### The task
Please transcribe exactly, and only, the lines of the data below between the line holding "Despite the revisions" and the line holding "7月17日,湖南省衡阳市衡东县霞流镇村民驾驶农机平整稻田(无人机照片)。(新华社发 曹正平 摄)", inclusive.

### Records for this exercise
════
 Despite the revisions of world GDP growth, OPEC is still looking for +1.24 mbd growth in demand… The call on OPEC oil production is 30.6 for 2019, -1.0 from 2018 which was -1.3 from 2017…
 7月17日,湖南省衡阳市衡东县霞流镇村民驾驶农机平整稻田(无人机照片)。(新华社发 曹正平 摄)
════
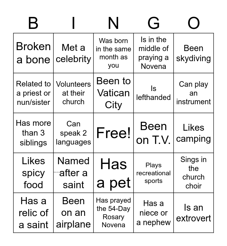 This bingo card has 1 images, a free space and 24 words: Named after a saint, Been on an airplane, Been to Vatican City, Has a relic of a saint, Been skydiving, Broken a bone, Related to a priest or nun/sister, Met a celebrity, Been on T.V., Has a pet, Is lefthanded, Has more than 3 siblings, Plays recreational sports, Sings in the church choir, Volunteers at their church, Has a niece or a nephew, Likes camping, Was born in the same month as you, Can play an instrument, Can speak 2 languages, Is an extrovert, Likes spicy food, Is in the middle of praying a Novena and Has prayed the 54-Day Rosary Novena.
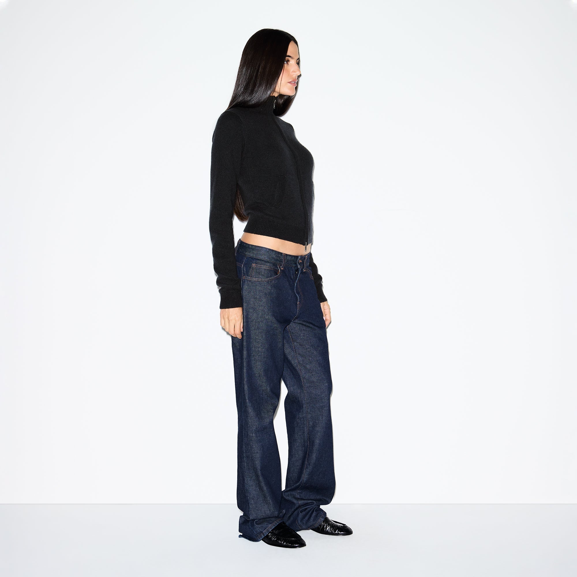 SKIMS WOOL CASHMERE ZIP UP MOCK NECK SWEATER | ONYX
════
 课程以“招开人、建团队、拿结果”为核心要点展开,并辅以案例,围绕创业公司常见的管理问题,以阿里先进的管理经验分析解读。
════
### Exercise answer
 Despite the revisions of world GDP growth, OPEC is still looking for +1.24 mbd growth in demand… The call on OPEC oil production is 30.6 for 2019, -1.0 from 2018 which was -1.3 from 2017…
 7月17日,湖南省衡阳市衡东县霞流镇村民驾驶农机平整稻田(无人机照片)。(新华社发 曹正平 摄)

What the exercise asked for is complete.